LINCOLN -- A Lincoln couple vacationing in Maui with their baby says they were scammed trying to escape the island. It was time to call Kurtis to investigate.
On Maui, with their eight month old, celebrating five years of marriage, Megan and Kevin Morgan canceled their anniversary dinner plans in Lahaina hours just before the fire leveled the town.
"And we're kind of like, 'Let's just make the call.' With the baby, it's too much to be over there," Megan said.
Kimo's Restaurant on Front Street where they planned to eat is gone. It's the same street where cars are torched, and where dozens died.
"It's still something I can't even wrap my head around," Megan said.
With smoke in the air late into the overnight hours, the couple at their hotel 30 miles away in Wailea decided to check their options to get off the island.
As their baby is slept, she called a Southwest number she Googled and gave their confirmation numbers.
"And then he says, it's going to be like $200 or something to change," Megan said. "And I'm like, 'No, no, no, there shouldn't be change fees. This is Southwest. And he says, on the phone, 'I've told you four times now, this is how much it costs if you want to change it."
She refused to give a credit card number and hung up.
But when she later logged onto her Southwest reservation, a message popped out that their their reservation for the flight home was canceled.
Megan then realized the number she called in the middle of the night from that Google search was not Southwest, but a scammer.
With the Morgans' names and confirmation number, the scammer canceled their flights home and used the flight credits to book a flight for someone else on the East Coast.
"I've never heard of this. I've never heard of this scam. I'm pretty aware of certain, you know, different ways people are scamming other people, but I have never heard of this and it's obviously very sophisticated," Megan said.
And by then, the flights home were full, forcing them to stay two extra days and pay out of pocket to book an Hawaiian Airlines flight home - an added expense of $3,400.
We reached out to Southwest about their security measures and the company responded with this statement: "We are disheartened to learn that a customer was taken advantage of by someone impersonating one of our employees. Our customer engagement team is in touch with the customer to learn more as well as offer assistance, and we are investigating the matter internally."
The Morgans don't call themselves victims, knowing their dinner cancelation may have saved their lives.
"You just think of how scary that must have been and I cannot imagine what that would be like having a child with you and trying to figure your way out," Megan said.

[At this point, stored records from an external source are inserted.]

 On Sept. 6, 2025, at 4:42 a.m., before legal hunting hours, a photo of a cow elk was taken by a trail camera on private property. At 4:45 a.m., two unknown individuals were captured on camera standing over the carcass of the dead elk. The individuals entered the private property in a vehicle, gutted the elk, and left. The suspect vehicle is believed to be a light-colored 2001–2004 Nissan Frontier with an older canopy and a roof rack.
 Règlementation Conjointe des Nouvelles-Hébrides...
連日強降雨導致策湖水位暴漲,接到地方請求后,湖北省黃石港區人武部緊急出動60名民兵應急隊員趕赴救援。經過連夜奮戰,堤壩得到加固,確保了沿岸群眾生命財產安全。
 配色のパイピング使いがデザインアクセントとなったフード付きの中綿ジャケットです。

Normally, you get an email whenever there's a change to a reservation. Megan says they never got one. We want to know why. Southwest has not said.

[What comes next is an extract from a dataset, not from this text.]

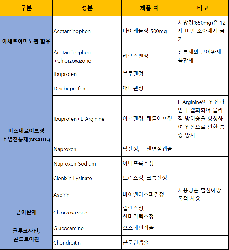 근골격계 통증에 사용하는 일반의약품과 관련하여 아래 질문에 대해 생각해 보고 답해보자.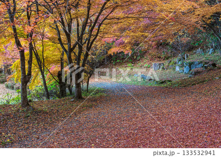 紅葉した林の中の木道

Flight credits are usually tied to the passengers on the original reservation. We're trying to figure out how they were transferred to book someone else's flight on the East Coast. Megan thinks the person on that ticket may have been scammed, too, in some sort of shell game.
Here's the big takeaway: Never trust the top three to four Google search results. They are usually sponsored; essentially, ads anyone can take out. Scammers take advantage of that, and of you, especially after a disaster. Call the wrong number or click the wrong link, you could end up scammed.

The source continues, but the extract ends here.